Recorded data:
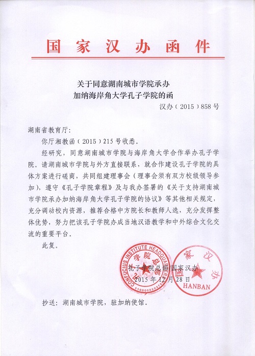 (本网讯)日前,国家汉办向我校正式发函(《关于同意时博体育_时博(中国)承办加纳海岸角大学孔子学院的函》汉办〔2015〕858号),同意我校与加纳海岸角大学合作建设孔子学院。我校成为全省二本院校第一所建有孔子学院的高校。
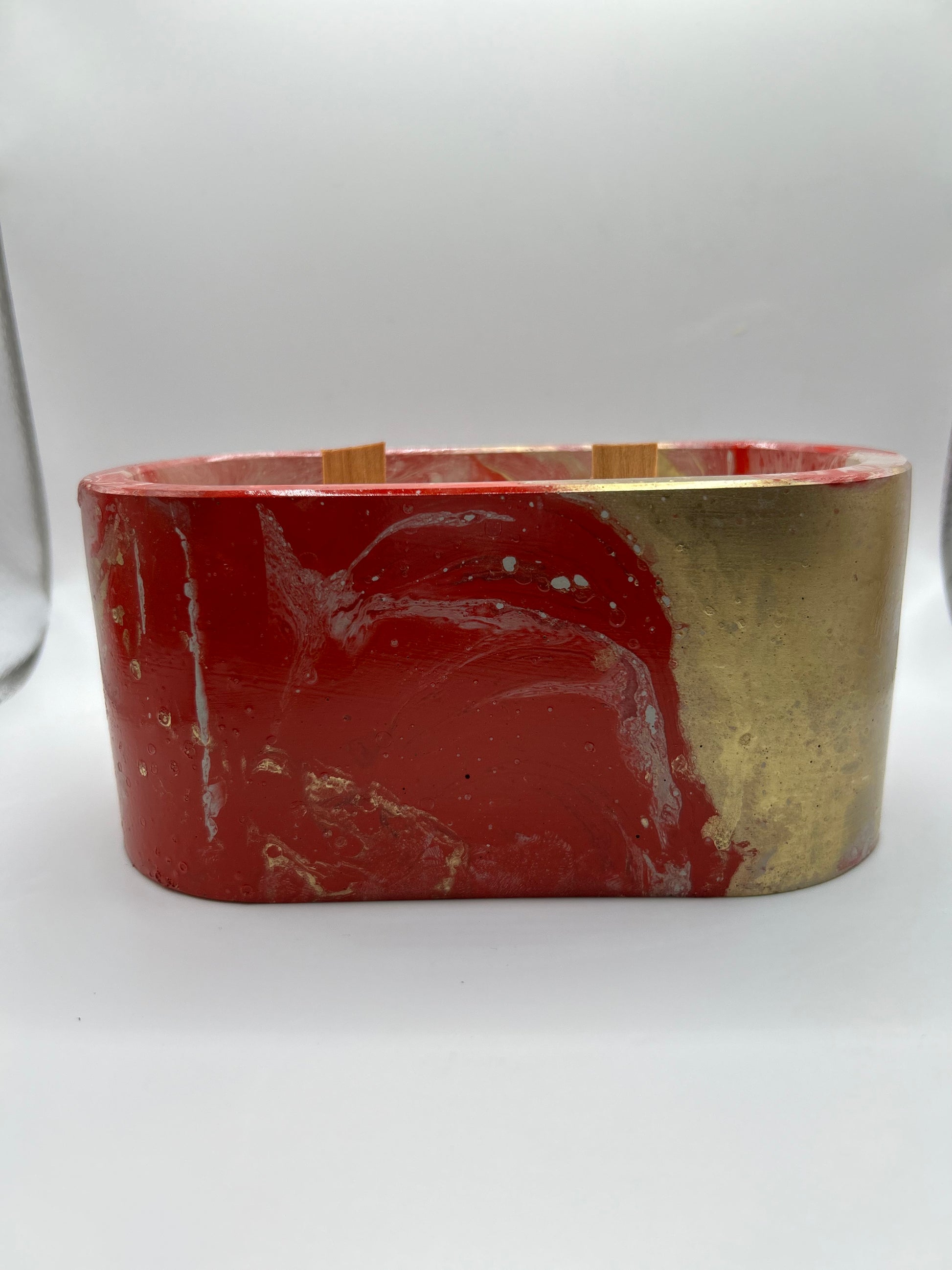 Handmade cement vessel hydro-dipped and hand poured coconut/soy wax with a premium wood wick.
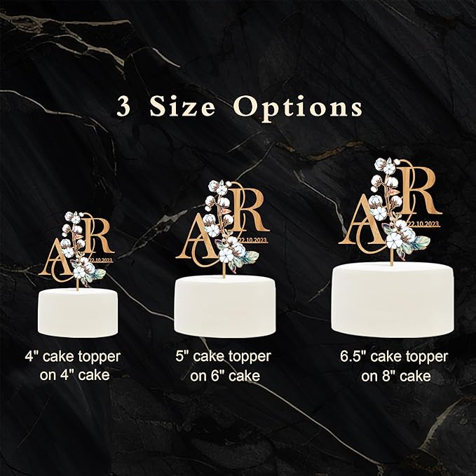 Personalized Autumn Wedding Cake Topper in Wood Custom Bride and Groom Initial Cake Topper Wedding Date Cake Decoration (Cotton)
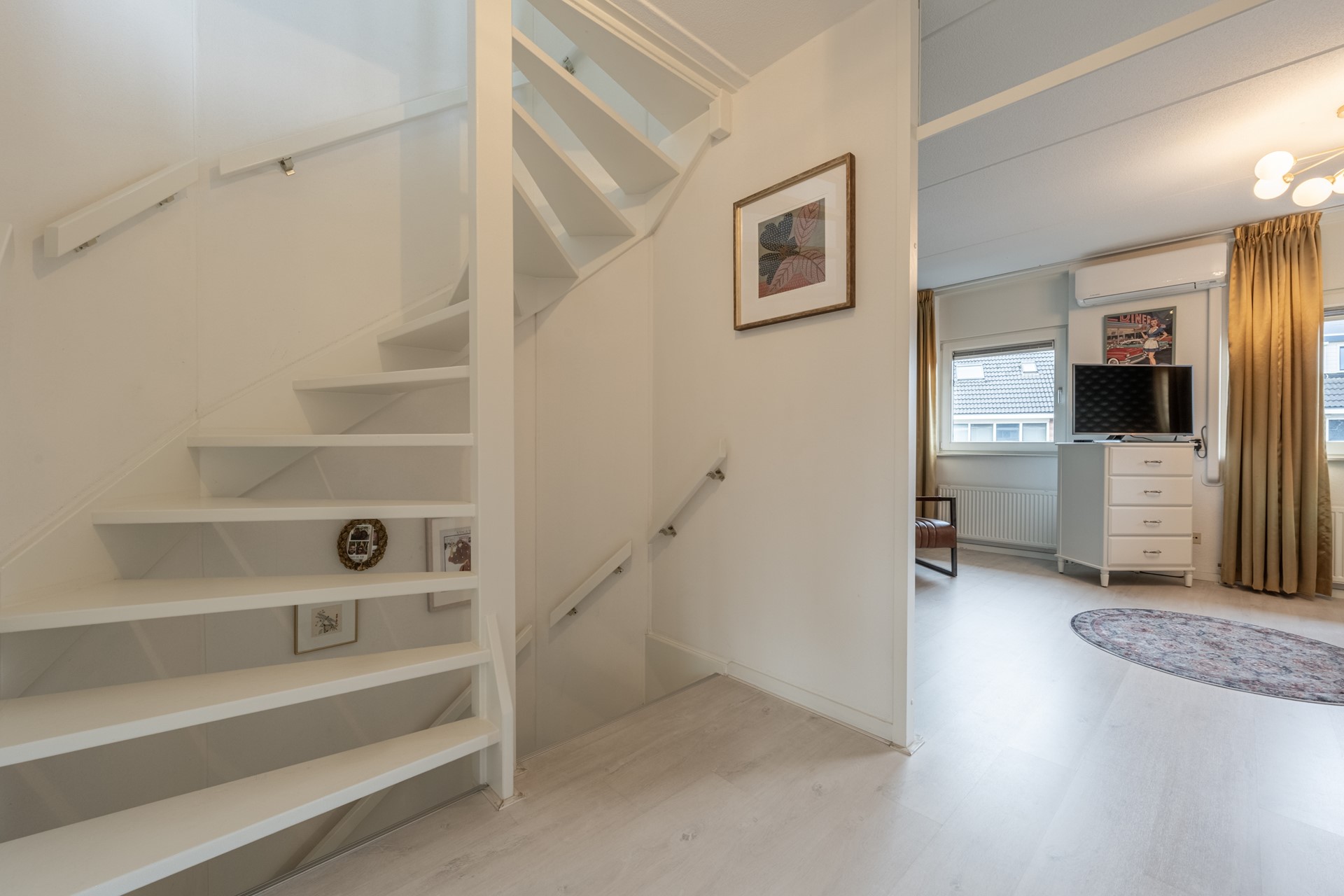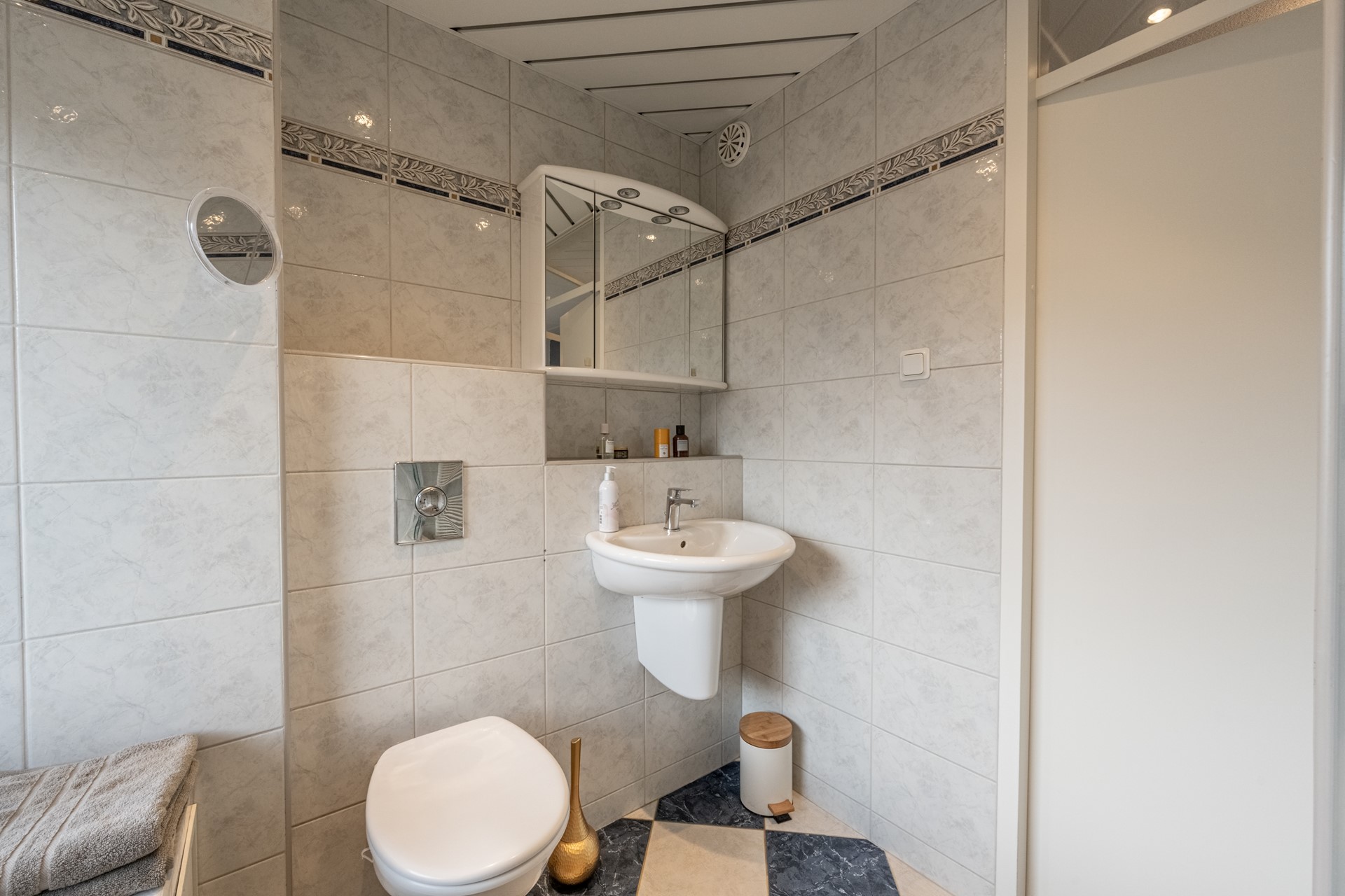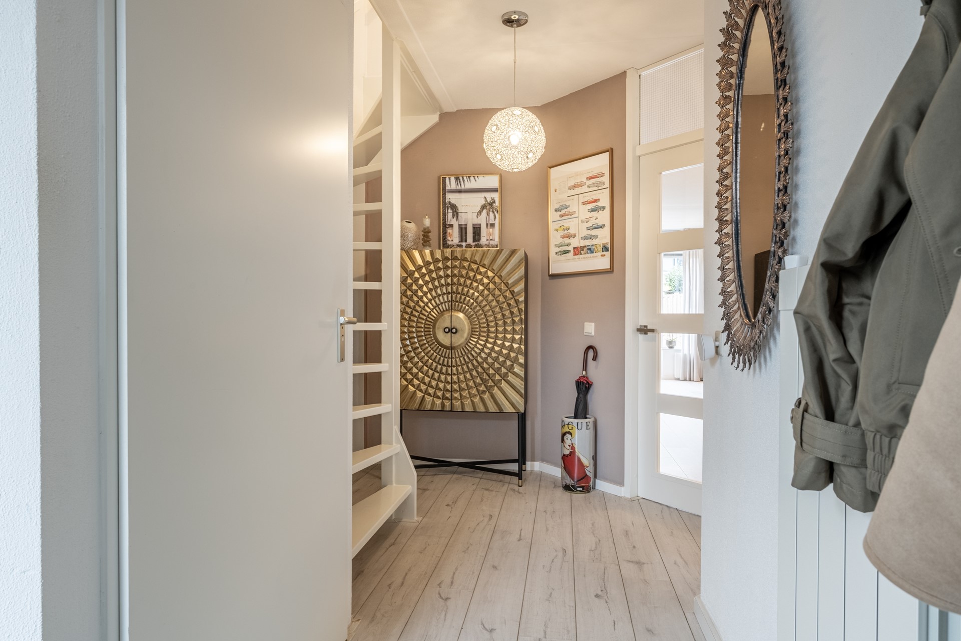Vanuit de woonkamer stap je de onderhoudsvriendelijke achtertuin in, ideaal voor lange zomeravonden. Achterin staat een praktische berging.
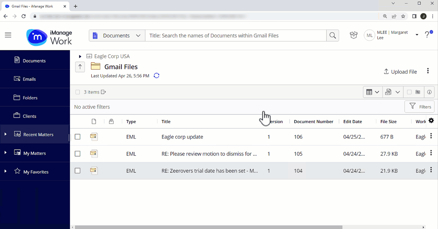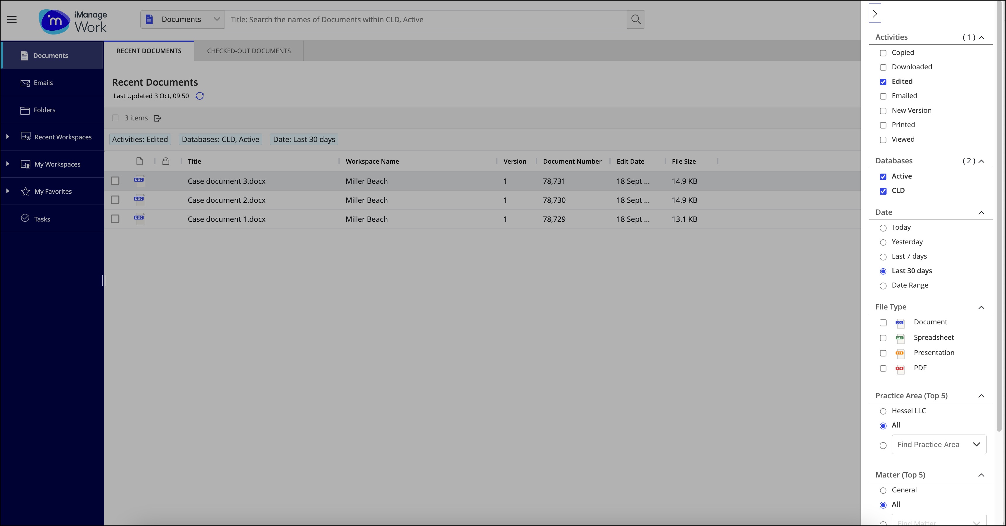 After performing a search using the Docs & Emails search type in iManage, you can now filter emails in the search results using the Email option under the File Type filter. You can also use the Email option under the File Type filter in a document folder to filter just the emails.

§ The task: Reproduce the data exactly, please, and omit its pictures.

§ Answer area:
 (本网讯)日前,国家汉办向我校正式发函(《关于同意时博体育_时博(中国)承办加纳海岸角大学孔子学院的函》汉办〔2015〕858号),同意我校与加纳海岸角大学合作建设孔子学院。我校成为全省二本院校第一所建有孔子学院的高校。
 Handmade cement vessel hydro-dipped and hand poured coconut/soy wax with a premium wood wick.
 Personalized Autumn Wedding Cake Topper in Wood Custom Bride and Groom Initial Cake Topper Wedding Date Cake Decoration (Cotton)
Vanuit de woonkamer stap je de onderhoudsvriendelijke achtertuin in, ideaal voor lange zomeravonden. Achterin staat een praktische berging.
 After performing a search using the Docs & Emails search type in iManage, you can now filter emails in the search results using the Email option under the File Type filter. You can also use the Email option under the File Type filter in a document folder to filter just the emails.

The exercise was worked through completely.